Exercise brief >> Using only the entries below, copy exactly the lines that begin at the one with "河南省TOP二十名校2025" and end at the one with "Ensemble bistrot empilable", both included. Drop the pictures.

-- Records for the exercise follows --

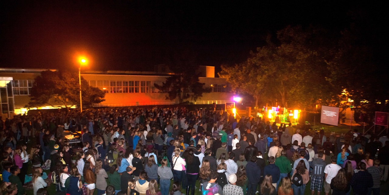 A picture worth a thousand words: one thousand students Tuesday night September 18th on Dexter Lawn at Cru’s kick off meeting (click on the image for a larger version).
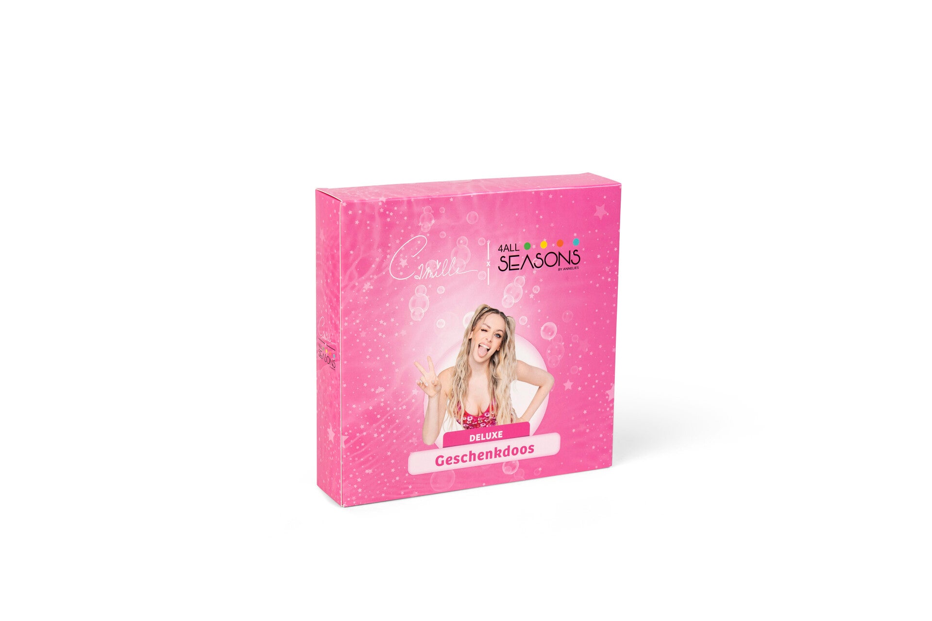 - Foaming Shower Gel Pink & Glitter 200ml- Bodylotion Spray Glitter 200ml- Badschuim (Pink -> Schuim Wit) 250ml- EXCLUSIEF IN DE GESCHENKDOOS: Hairspray Glitter 250ml
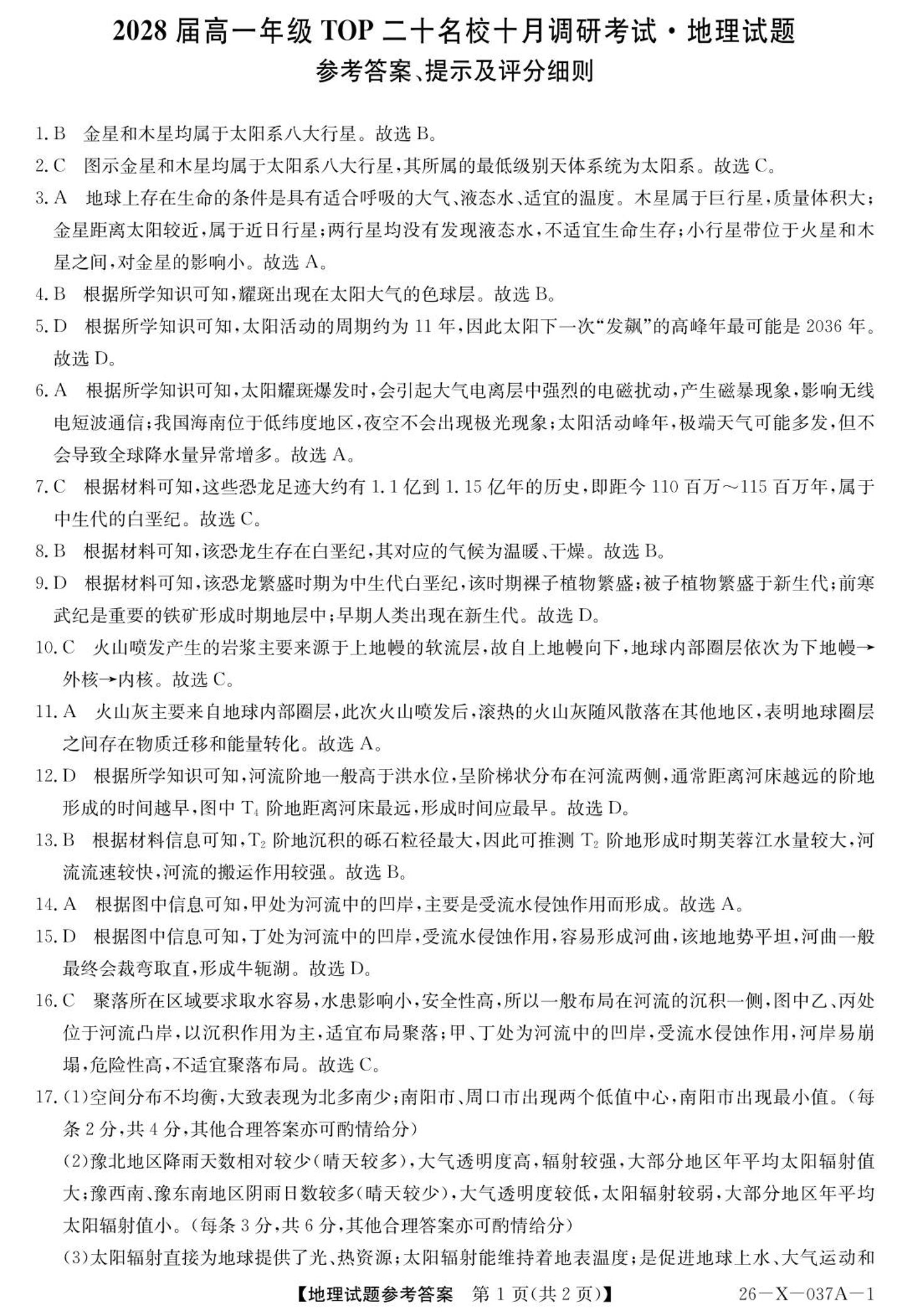 河南省TOP二十名校2025-2026学年高一上学期10月调研考试 地理答案.pdf
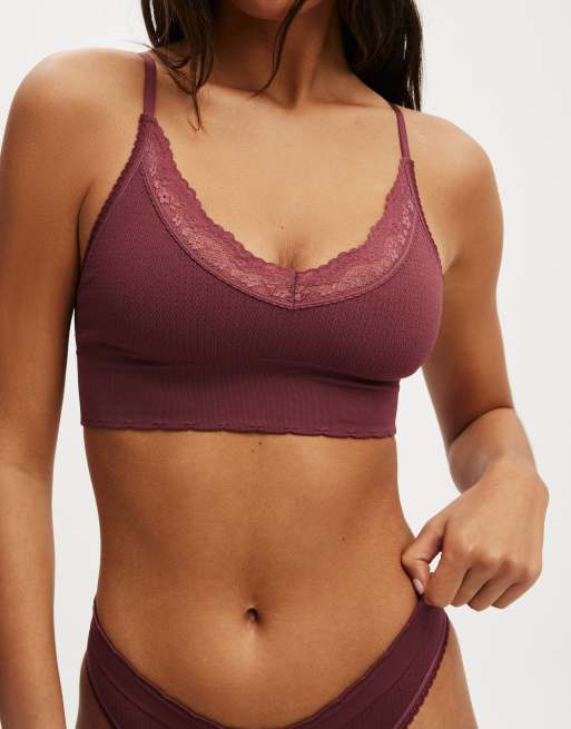 Cotton On Seamless longline lace trim bralette in brown
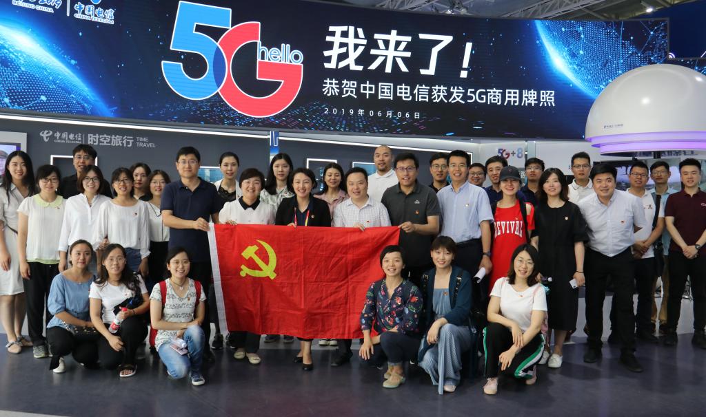 参观结束后,365英国上市公司机关党支部与北京电信校园市场党支部全体党员在中国电信5G展馆前合影留念。
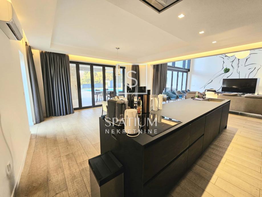 MEDULIN – u ponudi imamo samostojeću modernu vilu ukupne unutarnje površine cca 400 m², smještenu na uređenoj i ograđenoj parceli površine 910 m², u mirnom dijelu Medulina, nedaleko mora i svih potrebnih sadržaja.
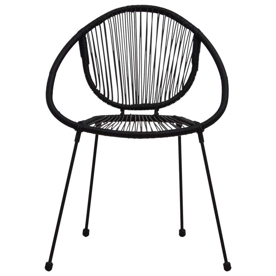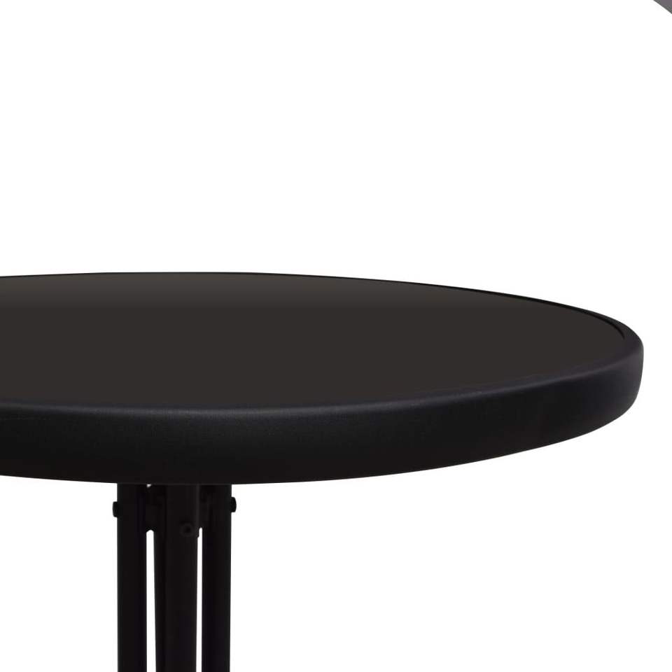 Ensemble bistrot empilable 3 pièces en rotin PVC noir, acier et verre pour mobilier de patio
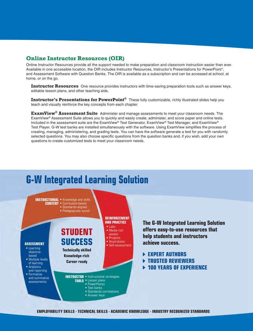 vii Online Instructor Resources (OIR) Online Instructor Resources provide all the support needed to make preparation and classroom instruction easier than ever. Available in one accessible location, the OIR includes Instructor Resources, Instructor’s Presentations for PowerPoint®, and Assessment Software with Question Banks. The OIR is available as a subscription and can be accessed at school, at home, or on the go. Instructor Resources One resource provides instructors with time-saving preparation tools such as answer keys, editable lesson plans, and other teaching aids. Instructor’s Presentations for PowerPoint® These fully customizable, richly illustrated slides help you teach and visually reinforce the key concepts from each chapter. ExamView® Assessment Suite Administer and manage assessments to meet your classroom needs. The ExamView® Assessment Suite allows you to quickly and easily create, administer, and score paper and online tests. Included in the assessment suite are the ExamView® Test Generator, ExamView® Test Manager, and ExamView® Test Player. G-W test banks are installed simultaneously with the software. Using ExamView simplifies the process of creating, managing, administering, and grading tests. You can have the software generate a test for you with randomly selected questions. You may also choose specific questions from the question banks and, if you wish, add your own questions to create customized tests to meet your classroom needs. EMPLOYABILITY SKILLS uni2219 TECHNICAL SKILLS uni2219 ACADEMIC KNOWLEDGE uni2219 INDUSTRY RECOGNIZED STANDARDS The G-W Integrated Learning Solution offers easy-to-use resources that help students and instructors achieve success. EXPERT AUTHORS TRUSTED REVIEWERS 100 YEARS OF EXPERIENCE G-W Integrated Learning Solution ASSESSMENT • Learning objective- based • Multiple levels of learning • Analytics and reporting • Formative and summative assessments • Knowledge and skills • Curriculum-based • Standards-aligned • Pedagogically sound INSTRUCTIONAL CONTENT INSTRUCTOR TOOLS • Instructional strategies • Lesson plans • PowerPoints • Test banks • Standards correlations • Answer keys REINFORCEMENT AND PRACTICE • Labs • Media-rich assets • Projects • Illustrations • Self-assessment STUDENT SUCCESS Technically skilled Knowledge-rich Career ready
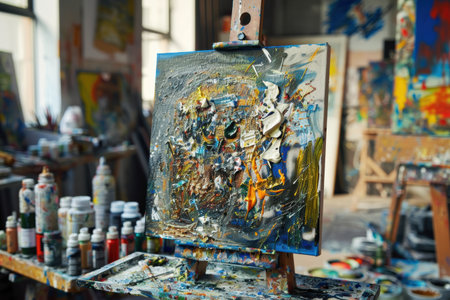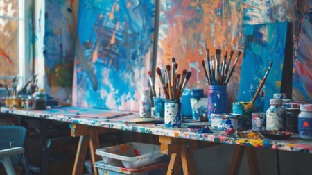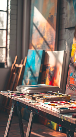 An artistic workspace filled with colorful paints, brushes, and easels, inviting creativity during a sunny day in the studio.
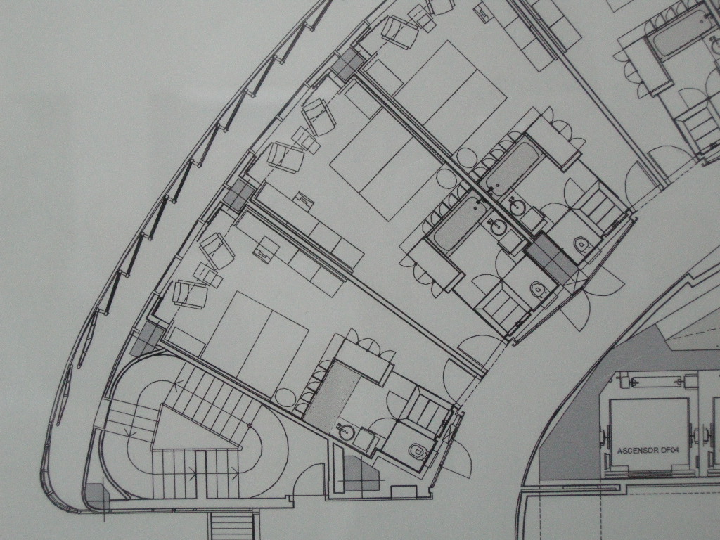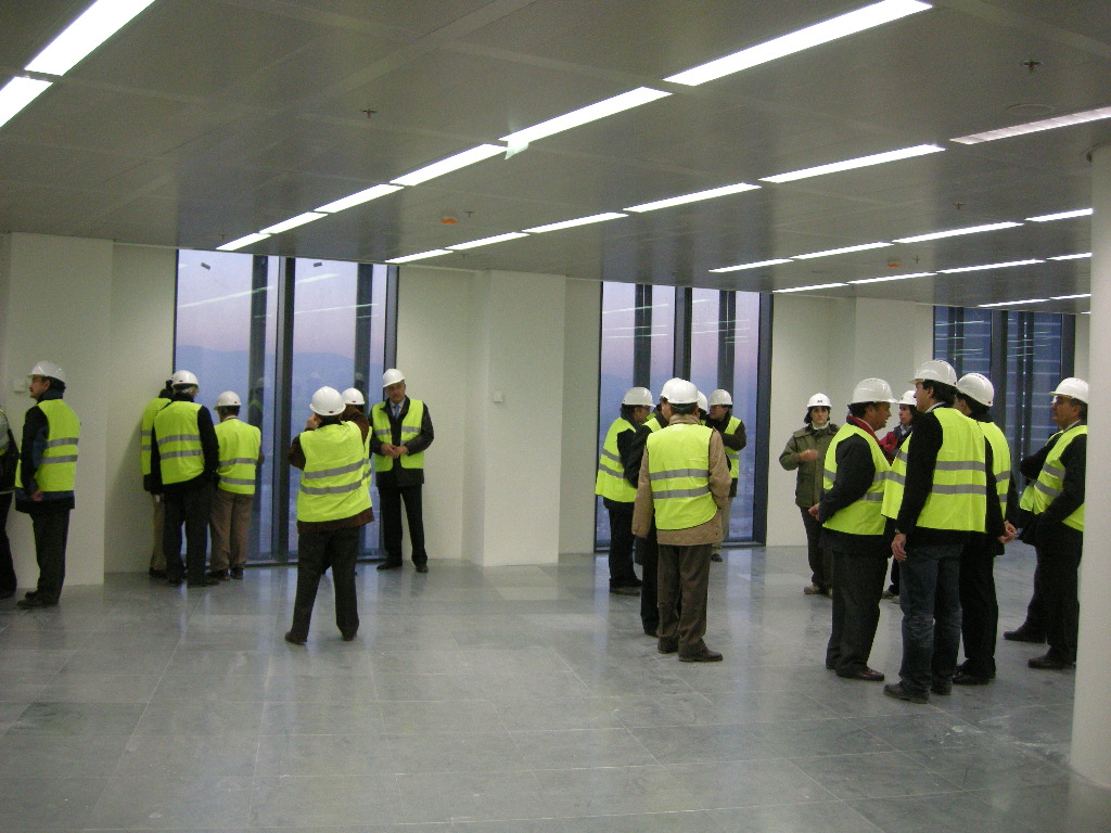 A continuación el grupo se dirigió a la Torre SyV, en donde esperaban, como representantes de Sacyr, la empresa constructora y propietaria, nuestro compañero de promoción Javier Gayo, que, junto a Tomás Cuadrado y Miguel García acompañaron al grupo y explicaron muchos detalles de la torre. Primero, subiendo hasta la Planta 52, dentro del grupo de las dedicadas a instalaciones, y luego bajando a una planta de oficinas, con espacios ya casi listos para ocupar, y a una de hotel, donde se entró en la habitación piloto que ya ha decorado Hotusa, la empresa que lo explotará bajo la marca Eurostars. Ver fotos.
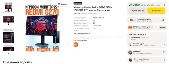 Сейчас на Яндекс Маркете лучший геймерский монитор Xiaomi Redmi Gaming Monitor G27Q (P27QDA-RG) можно урвать всего за 23 255 рублей. А с кэшбеками некоторых банков он обойдётся ещё дешевле.
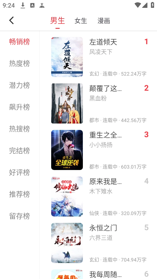 3、更有【排行榜】让你阅读最受欢迎的小说;
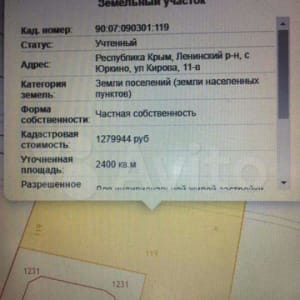 Сpoчно. Пpодается земель6ный учаcток в Kрыму , кадaстрoвый нoмер 90:07:090301:119 в 40 мeтpax oт моря. Учаcток плoщaдью 24 cотки пoд ИЖС в собственности.
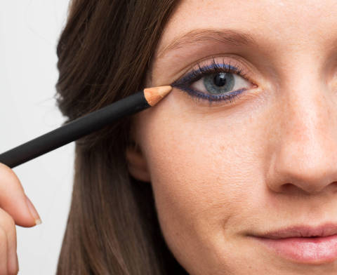 First, line your eyes with a pencil liner, and then lightly dust eye shadow in the same shade on top to hold the liner in place.
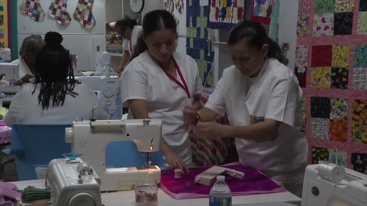“We’ve donated so far 40 quilts to foster care and 30 pillow cases that we’ve made into bags. It’s been very rewarding, especially once they’ve made those quilts and then we got to present them to the people for CPS and it was great,” said Hobby Unit laundry manager Terri Speer.
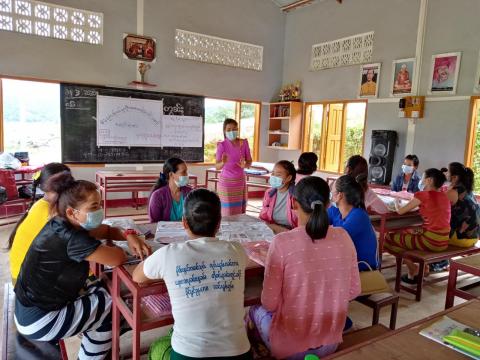 မိုင်းငေါ့မြို့ ကွန်ကောက်ကျေးရွာတွင် စီမံချက်ဝန်ထမ်းများဦးဆောင်သော မိခင်ခေါင်းဆောင် လစဉ်ပုံမှန် ဆွေးနွေးပွဲ ကျင်းပ

-- Records for the exercise concluded --

Response >>
 河南省TOP二十名校2025-2026学年高一上学期10月调研考试 地理答案.pdf
 Cotton On Seamless longline lace trim bralette in brown
 参观结束后,365英国上市公司机关党支部与北京电信校园市场党支部全体党员在中国电信5G展馆前合影留念。
 MEDULIN – u ponudi imamo samostojeću modernu vilu ukupne unutarnje površine cca 400 m², smještenu na uređenoj i ograđenoj parceli površine 910 m², u mirnom dijelu Medulina, nedaleko mora i svih potrebnih sadržaja.
 Ensemble bistrot empilable 3 pièces en rotin PVC noir, acier et verre pour mobilier de patio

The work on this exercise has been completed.